What the task asks >>
Print each line below verbatim, skipping every picture.

Top of Collected material

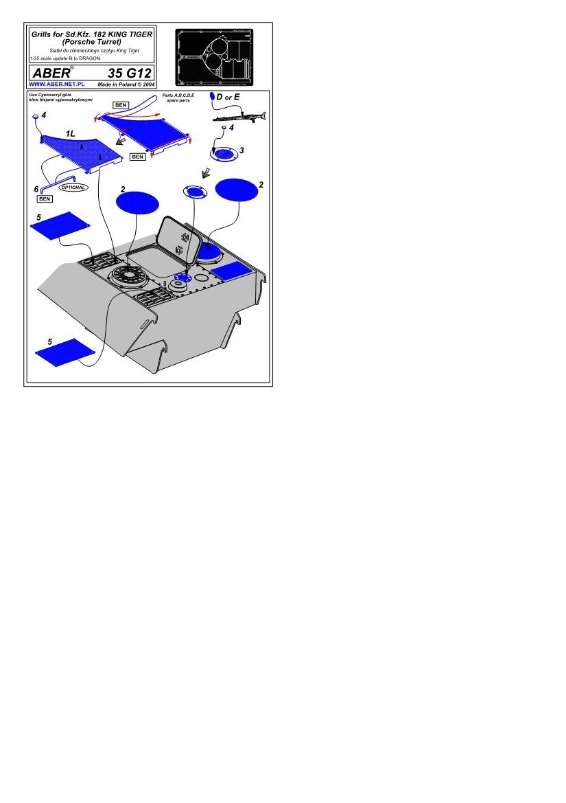 1:35 Grilles for german tank Sd.Kfz. 182 King tiger (Porsche Turret)
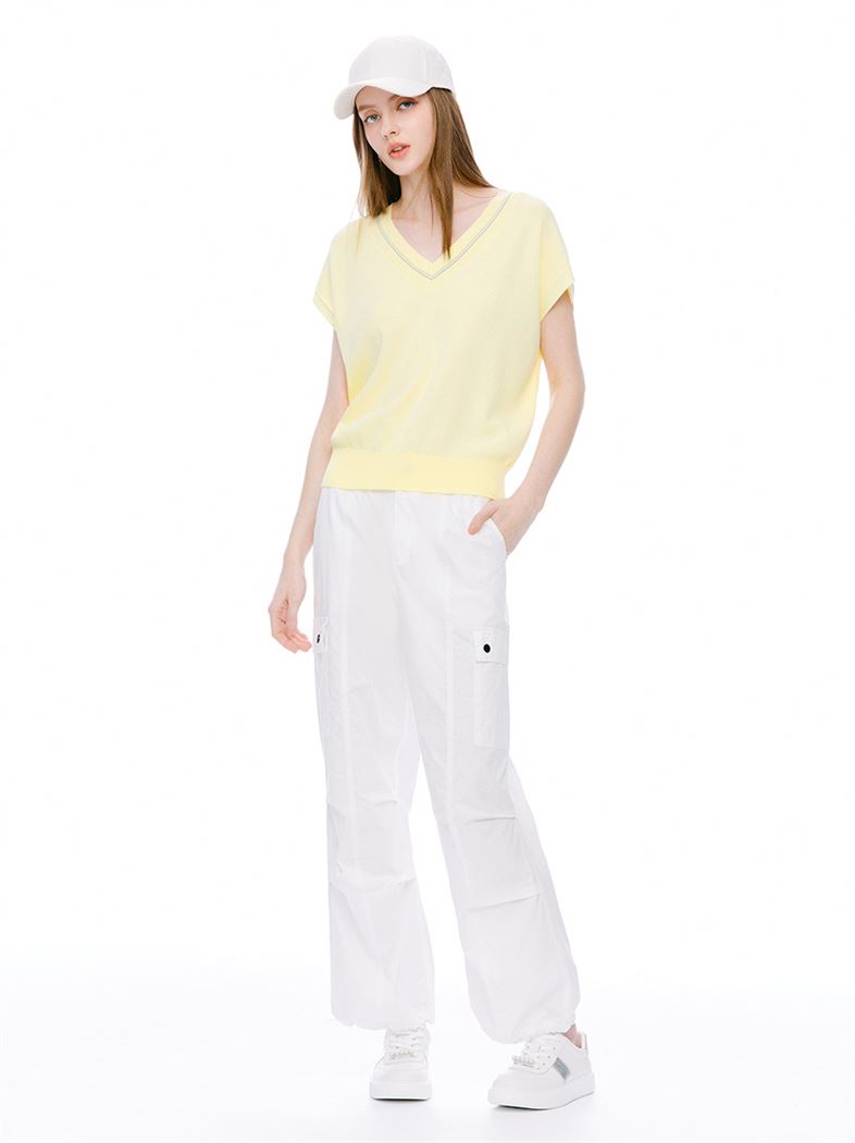 推薦同款白色穿搭 隨性撞色冰爽絲小蓋袖上衣-白 請點我
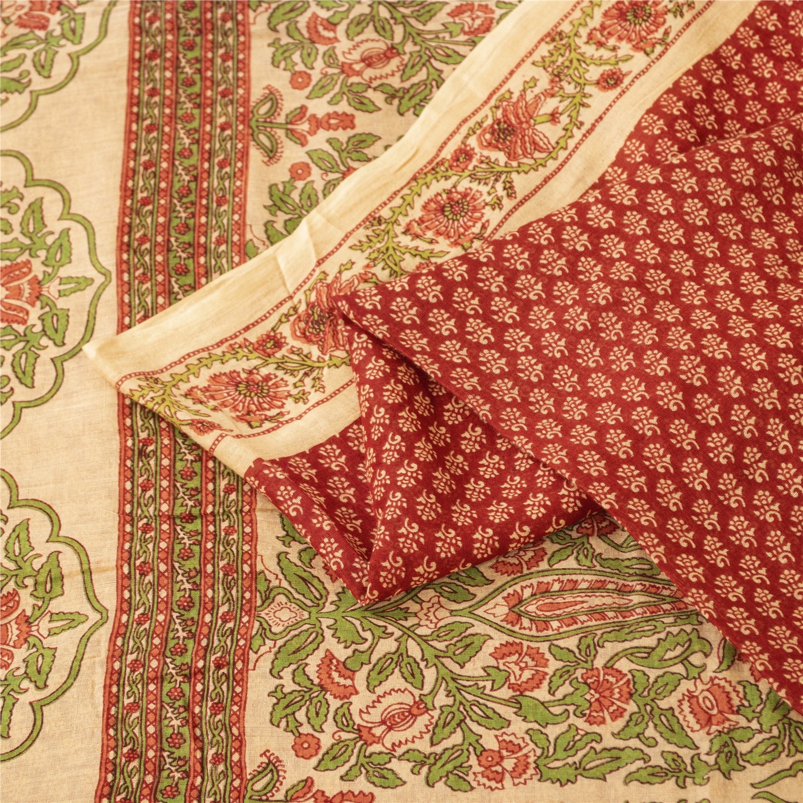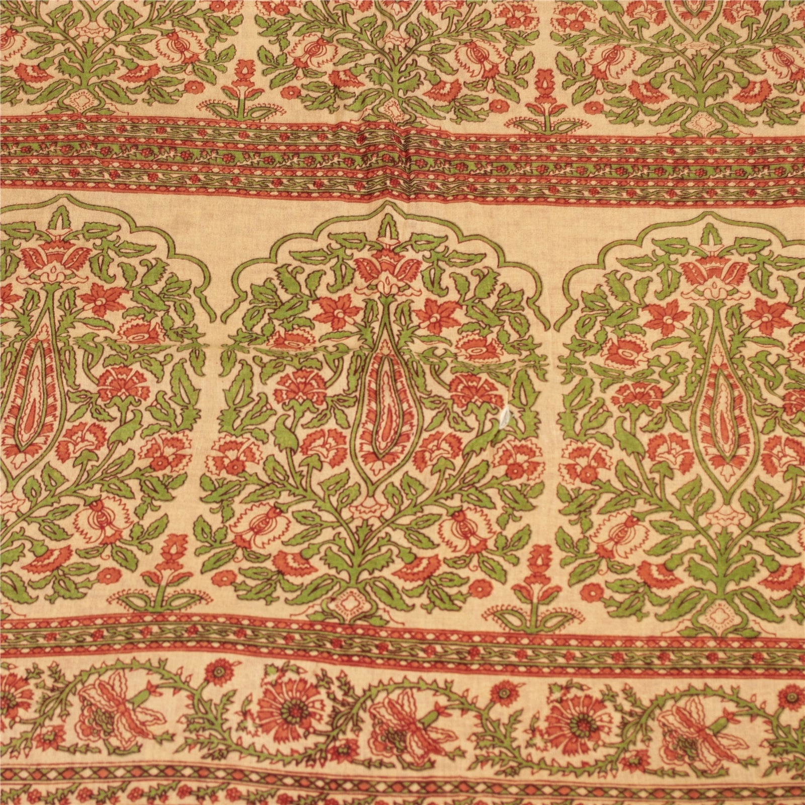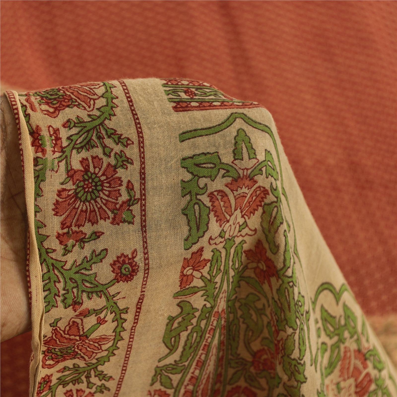 Sanskriti Vintage Sarees Indian Red Pure Cotton Printed Sari 5+yd Craft Fabric

Bottom of Collected material

Output of the exercise >>
 1:35 Grilles for german tank Sd.Kfz. 182 King tiger (Porsche Turret)
 推薦同款白色穿搭 隨性撞色冰爽絲小蓋袖上衣-白 請點我
 Sanskriti Vintage Sarees Indian Red Pure Cotton Printed Sari 5+yd Craft Fabric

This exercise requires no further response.